В ответ на молчание собеседницы, Ваш добавляет,

«Адипан Балидор подумал…»

«Что думаешь ты, возлюбленный друг?»

В её словах по-прежнему нет упрёка.

Несмотря на это, Вэш чувствует, как более сильная боль возвращается к его свету.

Он рассматривает свои босые ступни на песке, пальцы ног сминают прохладные белые крупинки. Он представляет себе ракушки у себя под ногами, моллюсков, птичьи яйца, песчаных крабов.

Свет перед ним становится ярче, но теперь он представляет, что там облака.

Мрачные, тяжёлые предзнаменования сгущаются в его глазах, ожидая за пределами этого прекрасного пространства. Он ощущает тяжесть этих перемен, даже погружённый в живое, дышащее присутствие этого нетронутого уголка Барьера. Он наблюдает за крыльями птиц над головой, чувствует их индивидуальные души. Он чувствует на себе тяжесть ещё многих душ.

Он думает о вопросе своего старого друга.

Он думает о том, чего бы он хотел, если бы мог диктовать что-то на Земле.

Он думает о различиях там, внизу, по сравнению с тем, как они устроены здесь, наверху, где время не имеет значения.

Где никто никогда не должен быть один.

«Я думаю, что брат Дигойз сейчас полностью выполняет ту роль, которую мы требуем от него в данный момент, — посылает он, вздыхая и что-то бормоча себе под нос. — Я думаю, нам больше не нужно беспокоиться о том, что он приблизится к ней преждевременно или переступит границы дозволенного в отношении её личности или её света. Я думаю, что он принял роль Стража в своё сердце и что он будет выполнять эту роль преданно и непоколебимо. Я думаю, он подтвердил своё обязательство быть воином света, ради бескорыстных целей… ради самого Моста».

Он чувствует молчание своей подруги, даже когда она говорит.

«Это всё, что имеет значение?»

Вэш снова вздыхает.

«Это всё, что сейчас может иметь значение», — говорит он.

«Даже если он вредит себе в этой роли? — мягко спрашивает она. — Даже если он небрежен к своему сердцу? Своему телу? Даже если он считает, что он ничего не стоит, кроме этой роли?»

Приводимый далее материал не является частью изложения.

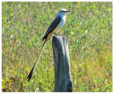
Scissor-tailed Flycatcher

Seafood and Steaks less than a mile ahead on the left before continuing. If not, continue to the next step.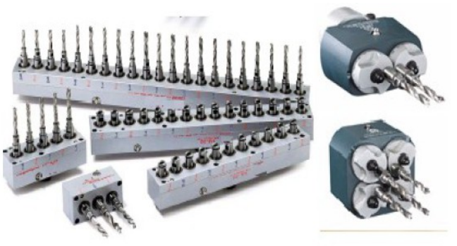
Optional Drill Spindle & Multiple Drill Heads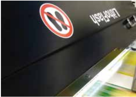
LithoFlash at a webpress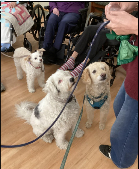
"Going to the dogs" - in a good way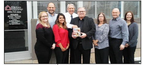
The Staff at Metro Mortgage drew a lucky Chamber Raffle Winner on March 28!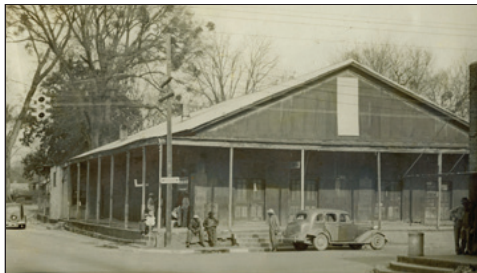
Special to The Bolton News

To view more photographs, past and present, of the Gaddis & McLaurin store, visit the extended online edition of The Bolton News, pages 4 and 5, available at www.BoltonMS.com .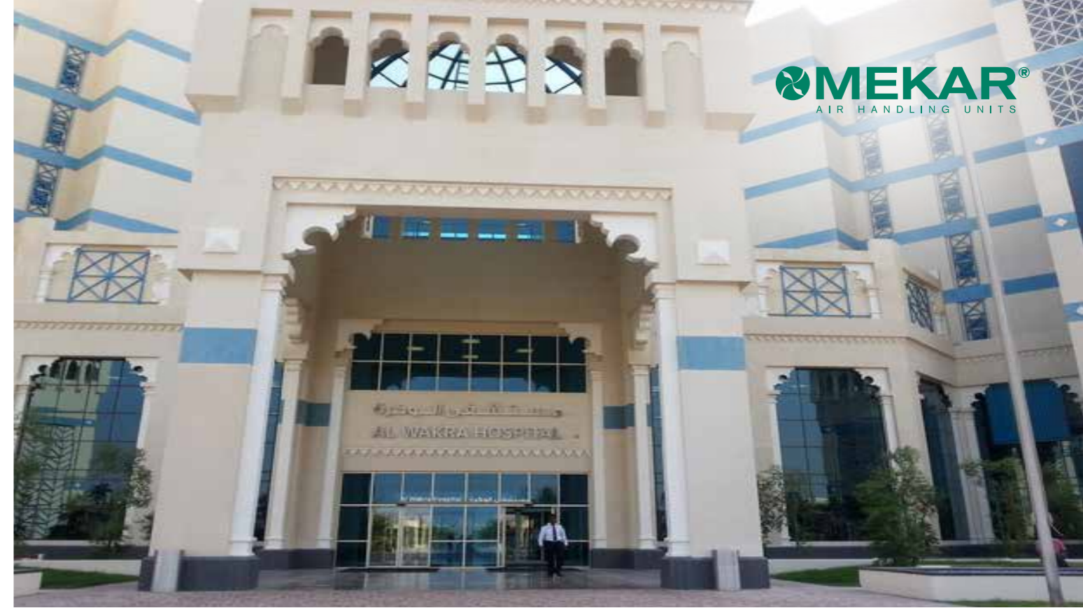
Al Wakra Hospital Qatar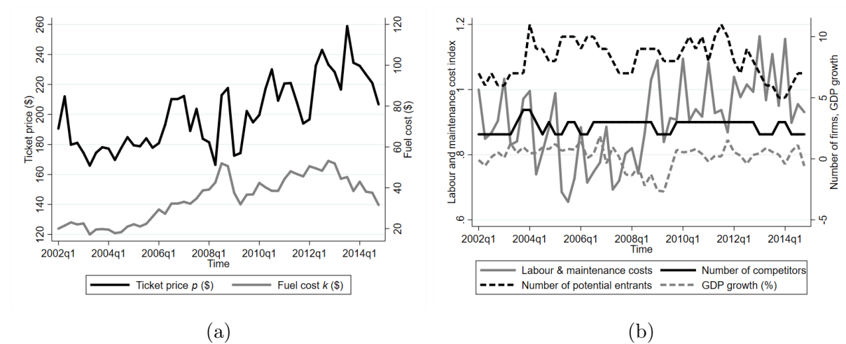
Figure 2: Time trends for Southwest’s service from Phoenix (PHX) to San Antonio (SAT), for 2002Q1-2014Q4. Panel (a) shows ticket prices and per-passenger fuel costs. Panel (b) shows the covariates.

Before presenting the full results, we illustrate our approach to estimating pass-through rates for a single route, Southwest’s service between Phoenix, Arizona (Phoenix Sky Harbor International Airport, PHX) and San Antonio, Texas (San Antonio International Airport, SAT). Table 2 gives average prices and costs for this route; the comparison with Table 1 shows that it is reasonably representative of Southwest’s portfolio of routes in our dataset. 45 The average ticket price is $200, and the average fuel cost is $33 per passenger. Figure 2(a) shows how the ticket price p_{ijt} changed with the fuel cost k_{ijt} over time. The causal component of this relationship is what we seek to estimate. Figure 2(b) shows the movement of the covariates in X_{ijt} over the period.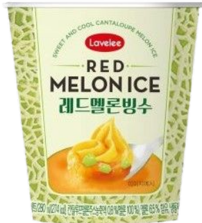
melon shaved ice dessert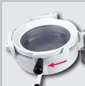
3. Sheet lock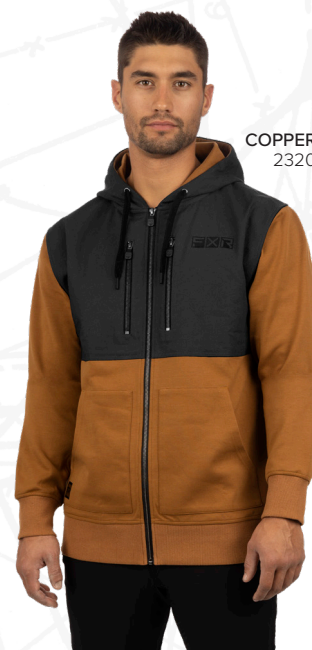
COPPER / ASPHALT 232022-1908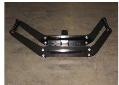
Winch Cradle (#2811)

For Technical Support/Warranty Information please call 310-762-9944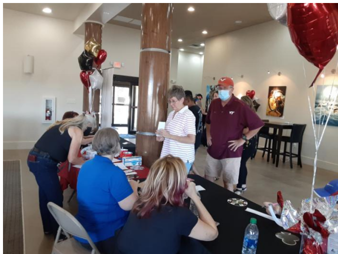
Who is that masked man?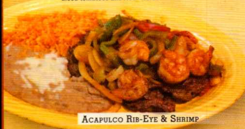
ACAPULCO RIB-EYE & SHRIMP

Grilled rib-eye steak topped with grilled green peppers, onions and tomatoes. Served with lettuce, guacamole, diced tomatoes and rice - 13.99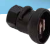
Flat jet nozzles XR 8006 VS (brown) Art.No. 11612806-SB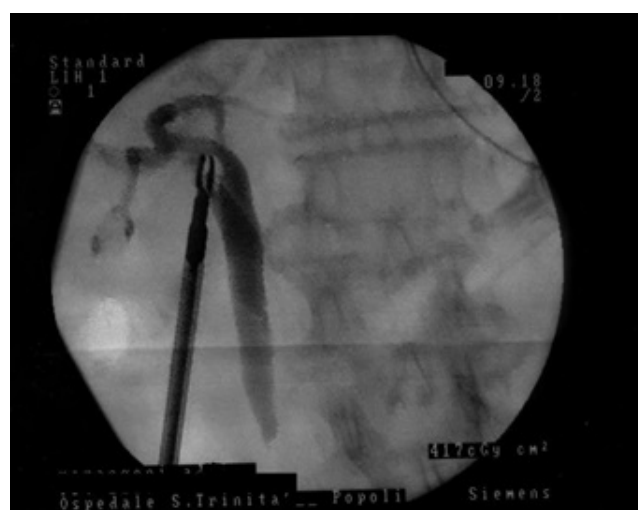
Figure 3: Anomalie disappeared after the IOC.

In 2 cases prothesis were applied due to an unsatisfactory clearance of bile ducts. We observed post-treatment pancreatitis in one case during the same hospitalization. The event occurred in the 8th postoperative day. Residual bile duct lithiasis was found and solved by a second ERCP.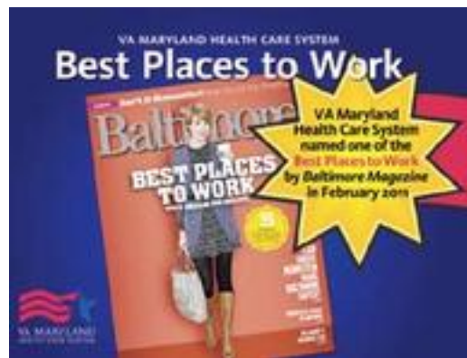
Baltimore Magazine's Best Places to Work issue recognizes businesses based on pay, perks and benefits.

In the February issue of Baltimore Magazine , the VA Maryland Health Care System was named one of the Best Places to Work. Baltimore Magazine's Best Places to Work issue recognizes businesses based on pay, perks and benefits.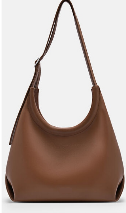
SF-3025 Naomie Hobo Bag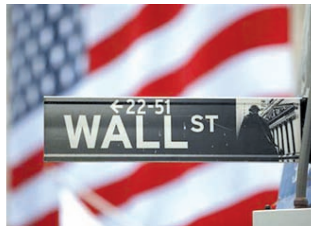
The Wall Street sign is seen outside the New York Stock Exchange, on 26 March, 2009.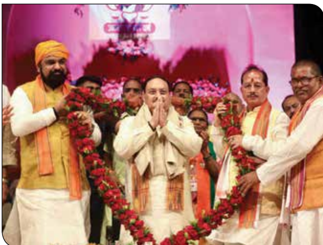
Bihar BJP welcomes BJP National President Shri JP Nadda at Kailashpati Mishraji's Janm Shatabdi Samaroh in Patna on 05 October, 2023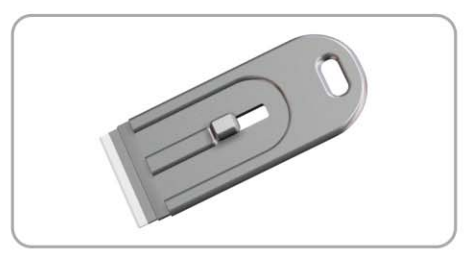
Scraper #213 Razor Blade Holder.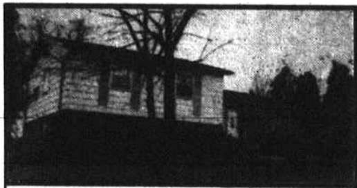
1450 East 11th Street—4BR, 1 1/2BA, lg. kit., bsmt., fam. rm., CA, heat pump, recent carpet, large fenced yard, carport. Call Richard. $70's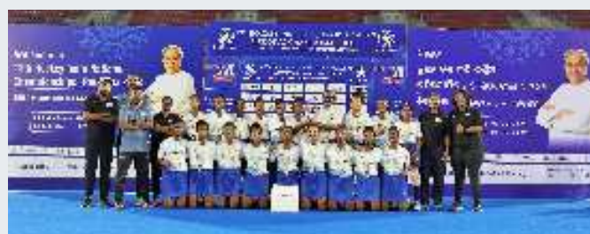
HOCKEY ASSOCIATION OF ODISHA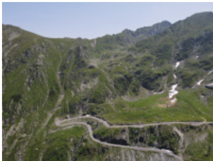
3 - Belogradchik - Veliko Tărnovo - 400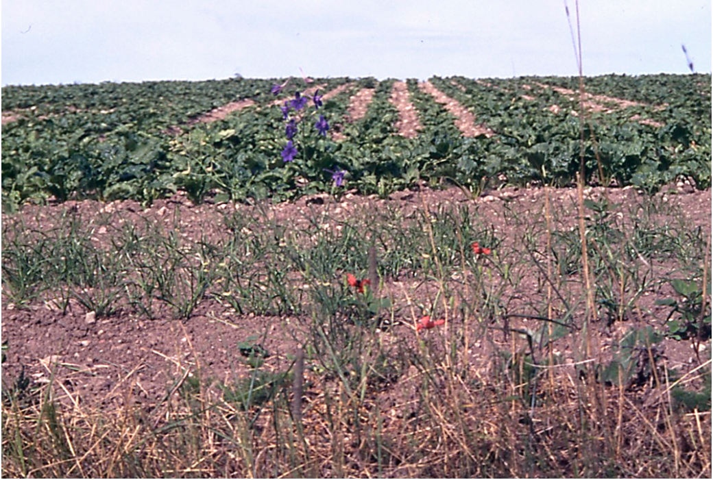
Fig. 1. Three flowerings specimens of Papaver argemone and one flowering specimen of Consolida regalis subsp. regalis f. glandulosa growing on the margin of a sugar beet field. Åland Islands, Jomala, Överby, June 24, 1992.

tiva (H, TUR). The next observation in the same field area was in 2002. P. argemone grew among wheat at the narrow field margin bordering a sugar beet field.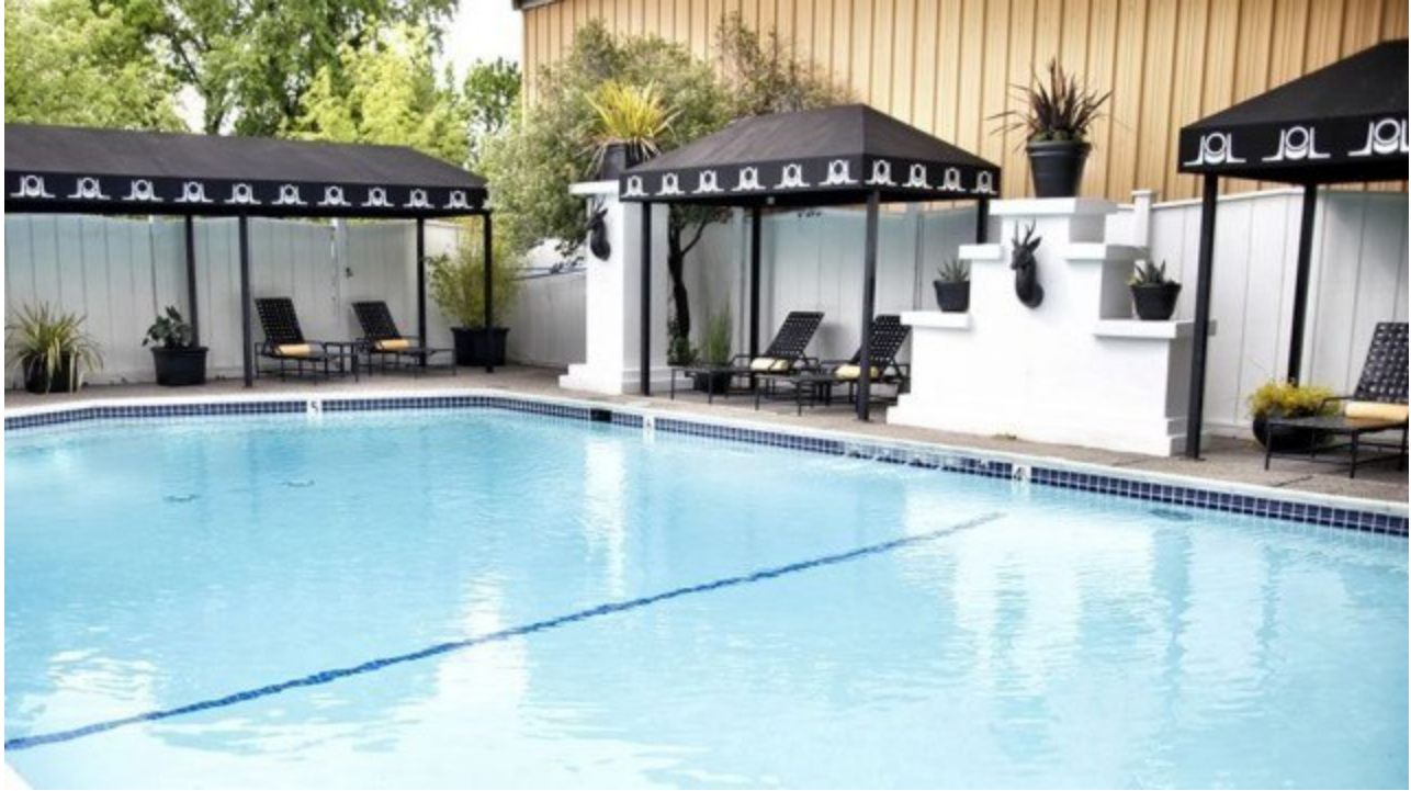
Mount View Hotel Spa Pool, Calistoga, Napa Valley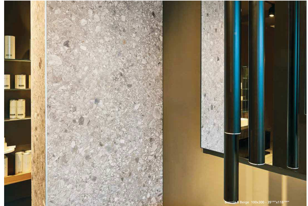
Breccia 5 Beige 100x300 - 39 1/4 "x118 3/16 "

Breccia 5 Grey 100x100 - 39 1/4 "x39 1/4 " 63 50x150 - 19 3/4 "x59 1/16 " 63 100x300 - 39 1/4 "x118 3/16 " 63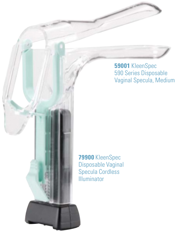
59001 KleenSpec 590 Series Disposable Vaginal Specula, Medium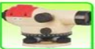
KOLLIDA KT Series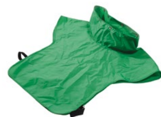
→ Nylon Cape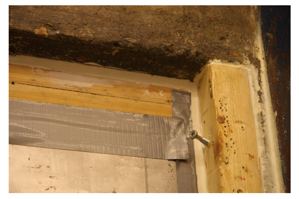
Figure 4 - The sealant applied to the gap.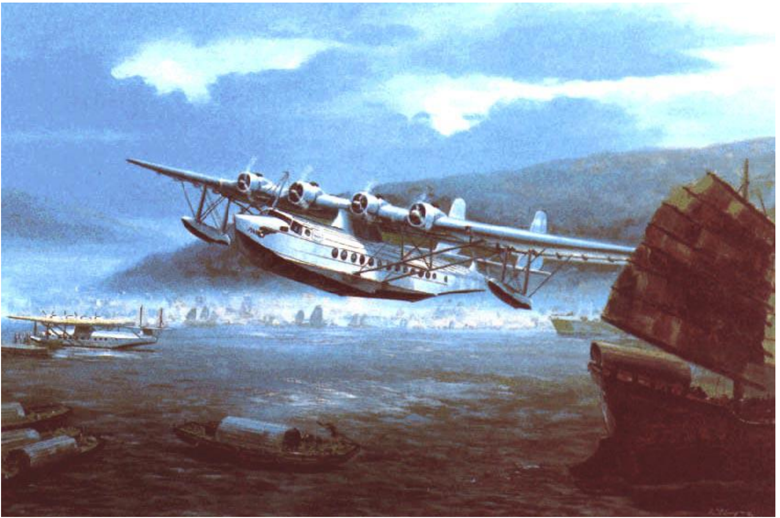
S-42 Hong Kong Clipper Airborne. Painting © 2000 Andy Whyte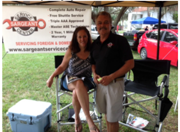
Sponsors enjoyed the day as much as those showing their cars.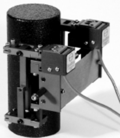
Model 3442RA1 with 50 mm gage length and 1.25 mm measuring range. Shown on 30 mm diameter test sample.

With gage lengths of 1 and 2 inches (25 and 50 mm) and measuring ranges of 0.050 and 0.100 inches (1.2 and 2.5 mm), the Model 3442RA1 was designed for applications where compressive strength tests on small rock, concrete and other small compression samples is desired.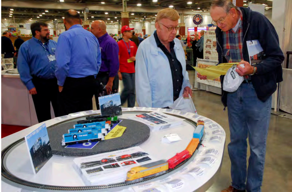
...checking out the Athearn display...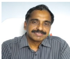
Regional Director RC Trivandrum

As part of enhancing the quality of academic support to the learners in Open and Distance Learning system and effective implementation of academic programmes at Learner Support Centres, Indira Gandhi National Open University organized a series of orientation programmes for its academic counsellors across the country. In this connection IGNOU Regional Centre Trivandrum hosted three zonal orientation programmes for academic counsellors of various disciplines.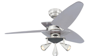
Reversible Silver Finish Blades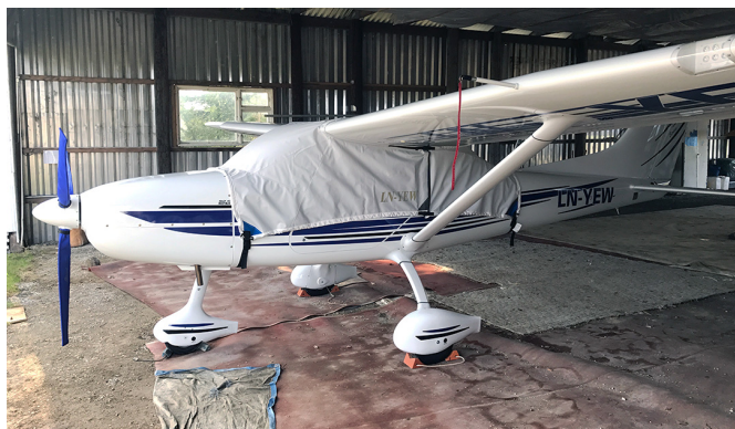
TL Ultralight Sirius TL-3000 Canopy Cover (Over-The-Top Style)

This cover type is made from Silver Acrylic Sunbrella canvas and is 100% lined with a soft and smooth microfiber. Bruce's Custom Covers developed this material combination especially for aircraft protection. The outer material is medium weight and treated for water resistance, UV resistance and anti-static buildup. The inner lining is a very soft and smooth microfiber to prevent scratching. The material is very reflective, and tests show that the cabin interior temperature can be reduced to near-ambient temperature on the hottest of days. It is water, ice and snow repellent, yet breathable to allow moisture to escape from between the cover and the aircraft surface.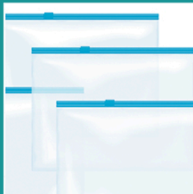
Resealable Food Storage Bags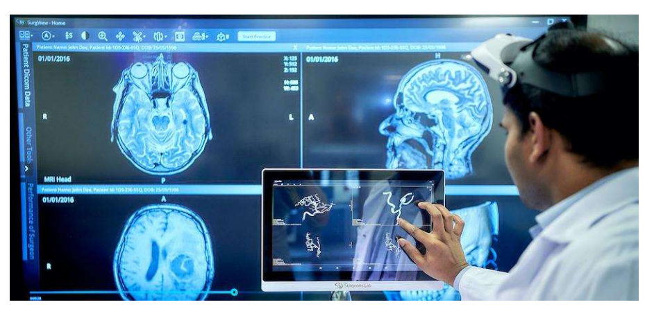
Figure 1 Remote patient monitoring devices

In addition to being fast, diagnoses with such systems are also accurate. In particular, artificial neural networks have shown that they are able to accurately detect certain diseases such as malignant melanoma.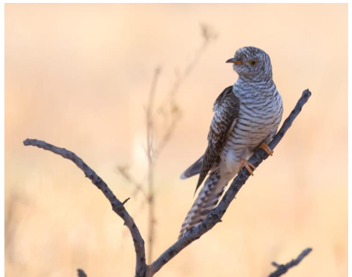
Juvenile Common Cuckoo [Daan van de Wetering]

These sightings were compiled from various social media Wider Gauteng Rarity sources. - Ed.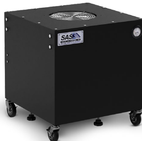
Model 450 Portable Room Air Cleaner

The small footprint of the Portable Room Air Cleaner makes it an ideal choice for smaller environments that require air purification. The Model 450 Portable Room Air Cleaner can provide an effective and economical solution for many commercial, medical, laboratory and industrial ambient air cleaning applications. Three smaller models [SS-200-PRAC, SS-300-PRAC, & SS-400-PRAC] are also available.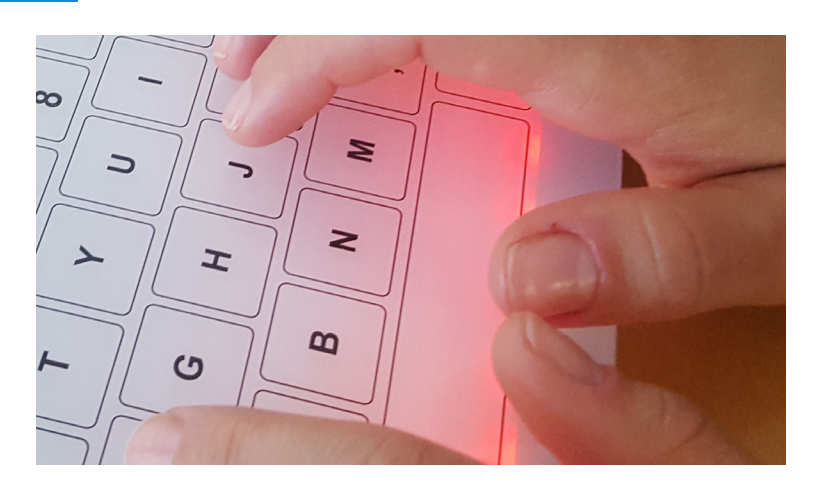
LED "Do Not Disturb" mode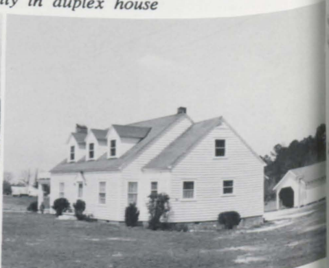
Others live in personages

Ваш хмурится. Вдалеке он почти видит сгущающиеся тучи.

Он чувствует их своим светом.

Они уже близко.

Они почти здесь.

«У меня нет лучшего решения, сестра, — тяжело произносит он. — Не в этот раз. Не без прямого вмешательства в его разум… и я не буду этого делать».

На этот раз её молчание полное.

Однако внутри этой бесконечной тишины Вэш чувствует, что её сердце открыто для него.

Глава 31. Стереотип

— Вы вернулись, мистер Дигойз? Я не слышала…

Ревик отвернулся от того места, где он стоял на балконе, держа в пальцах hiri и выпуская дым в ночное небо. Вырванный из собственных мыслей её мелодичным голосом, он помедлил несколько секунд, чтобы переориентироваться, сосредоточиться на женщине, стоящей там.

В этот вечер на ней было платье изумрудного цвета, а не белого.

В этом был смысл.

Приближалось Рождество, и ставили балет Чайковского.

— Мне следовало подумать о том, чтобы проверить балконы раньше, — сказала она, и выражение её лица было ошеломлённым, когда она оглядела его в смокинге. — Кажется, это ваше любимое место, когда проводится мероприятие с вечерним дресс-кодом… по крайней мере, такое, где вас окружают люди. Вы поклонник балета, мистер Дигойз?

— Ревик, — вежливо поправил он, отвешивая ей короткий поклон. — И да, мисс Стивенсон. Я поклонник. Ну… иногда. Мне нравятся русские композиторы.

— Понятно, — она криво улыбнулась, изучая его лицо, но он почувствовал, что ей приятно, что он запомнил её имя. — И, конечно, вы цените русских. Они ужасные. Чрезмерно серьёзные. Тихие. Учитывая вашу грубоватую внешность, какие ещё композиторы могли бы вам понравиться, в самом деле?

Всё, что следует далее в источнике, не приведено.